Member of the Nevada Assembly from the 5th district
- In office November 5, 2014 – February 10, 2016
- Preceded by: Marilyn Dondero Loop
- Succeeded by: Kyle James Stephens

Personal details
- Born: 1956 (age 69–70) Washington, D.C., U.S.
- Party: Republican
- Spouse: Lisa Nelson
- Children: Joel, Derek, Brooke, Paige, Hayley, Rex, Nina
- Education: Brigham Young University J. Reuben Clark Law School
- Occupation: Lawyer, politician

= Erven T. Nelson =

American politician

Erven T. Nelson (born 1956) is an American lawyer and politician. He served as a Republican member of the Nevada Assembly from 2014 to 2016.

==Early life==
Erven T. Nelson was born in 1956 in Washington, D.C.

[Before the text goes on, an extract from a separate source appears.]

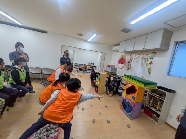 節分には2チームに分かれて、鬼の的に丸めた新聞紙を投げて、点数を競うゲームをし

Nelson was educated at Clark High School in Las Vegas, Nevada. He graduated from Brigham Young University, where he received a bachelor of arts degree in political science. He received a juris doctor from BYU's J. Reuben Clark Law School.

==Career==
Nelson is a lawyer. He was a law clerk to United States District Judge Roger D. Foley from 1983 to 1984. He has been a member of the Nevada Bar Association since 1987. He serves as a shareholder of the World Services Group. He is a member of the Federalist Society, the Mortgage Bankers Association and the American Bankruptcy Institute.

Nelson served as a Republican member of the Nevada Assembly. He has proposed a bill to amend the Constitution of Nevada with Voter ID requirements. Additionally, he has indicated he would be willing to cast a vote in favor of non-discrimination bills for LGBT Nevadans.

==Personal life==
With his wife Lisa, he has seven children. He is a member of the Church of Jesus Christ of Latter-day Saints.